Of the variants in MAPT, two were predicted to be destabilizing (rs76375268 at Gly213 and rs63750191 at Gln741) (Supplementary Fig. 3C). Further, rs73314997 (Ser318) and rs143956882 (Ser427) are located near known pathogenic mutations for frontotemporal dementia and Pick disease of the brain, respectively.
Three variants on the luminal domain of CHST6 were found to have a mild effect on protein stability. Two of these variants (rs201349198 at Ala326 and rs140699573 at Gln331) are positioned near variants known to cause macular corneal dystrophy (MCD) near the C-terminus. This suggests the C-terminus is sensitive to mutations enabling interference with keratan sulfation, which could cause a loss of function that can lead to a milder disease phenotype such as refractive error. The model can be found in Supplementary Fig. 4A.
In GRHL2, variants were only predicted to have a mild effect on protein structure and were not located near known pathogenic variants (Supplementary Fig. 4B).
For P4HTM, rs140290144 is predicted to be moderately destabilizing (Supplementary Fig. 4C). It substitutes a valine for a buried isoleucine (Ile227) between two calcium binding sites; potential disruption of these calcium binding sites can result in loss of function. Similarly, rs144279528 occurs in the Fe-dependent 2-OG dioxygenase domain close to an iron binding residue. Substitution of asparagine from the wildtype aspartic acid (Asp386) could have an impact on iron binding by introducing a glycosylation (due to location on protein surface) or disruption of hydrogen bonding.
Of particular interest in the protein modeling was that of usherin (USH2A), the known retinitis pigmentosa gene. Five variants were predicted to be highly destabilizing, particularly rs554957414 with a ΔΔG value of 99.19 kcal/mol). Three of these variants, including rs554957414 (Pro2329), result in the loss of proline and the loss of that ring structure could cause an increase in conformational flexibility and account for such high destabilization predictions (Supplementary Fig. 5). Further, a mutation at rs201527662 (Cys934) results in the replacement of cysteine with tryptophan and will disrupt a disulfide bond between two cysteines.
We also compared the ΔΔG of these five candidate variants with the ΔΔG of all USH2A ClinVar (n = 63) and gnomAD (n = 1870) variants using the Wilcoxon rank sum test. A significant difference between the ClinVar variants and gnomAD variants was found (P = 0.0008) and the ΔΔG values of our candidate variants was much more similar to the known pathogenic variants than the putatively benign GnomAD variants (Supplementary Fig. 6).

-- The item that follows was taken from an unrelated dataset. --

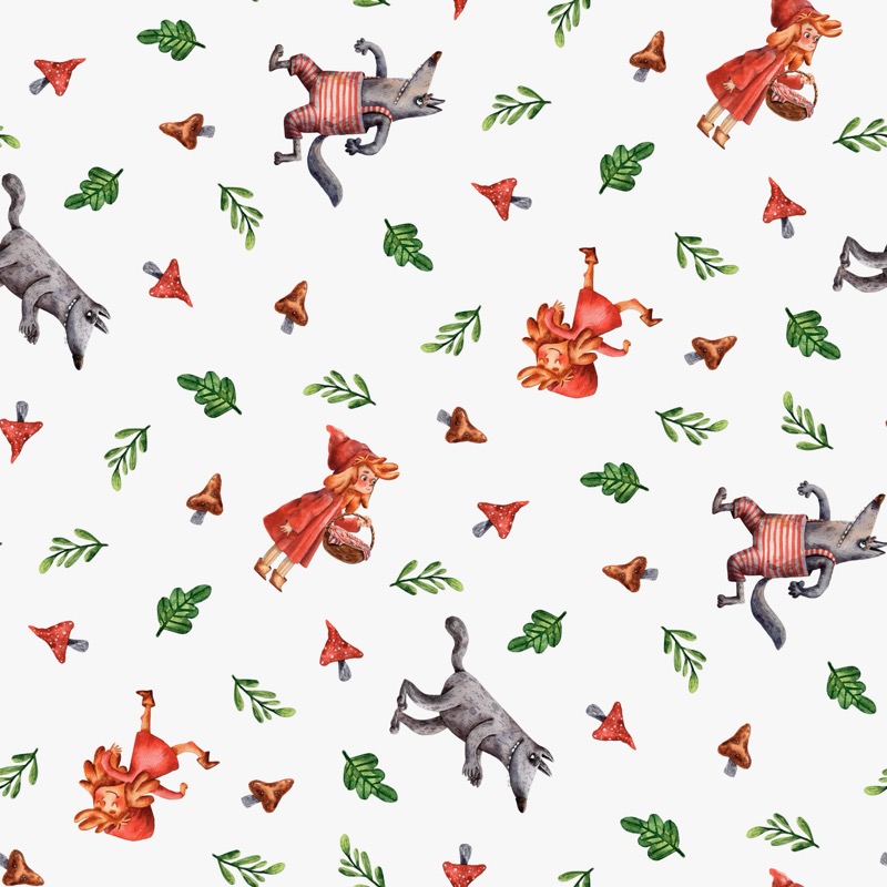 Este diseño es pura magia, con un estampado de Caperucita Roja que se encuentra con el lobo feroz, rodeados de árboles, setas y flores.

Potential Causal Variants in Other Genome-wide Significant Genes
We also identified variants within the other 122 genome-wide significant genes that had a high potential to be damaging. This included 25 variants across the five cohorts; the results are found in Supplementary Table 31. Like our prioritized genes, we also performed protein modeling on these variants (Supplementary Table 32).
Notable findings from the structural analysis include a valine to phenylalanine substitution (Val105) that would disrupt a helix in ALG3, which has been implicated in congenital disorders of glycosylation that have ocular phenotypes85 (Supplementary Fig. 7A). We also identified multiple glycine substitutions in TNFRSF13B in areas associated with heparan sulfate – glycosaminoglycan biosynthesis; heparan sulfate has been shown to play a role in eye pathologies86 (Supplementary Fig. 7B).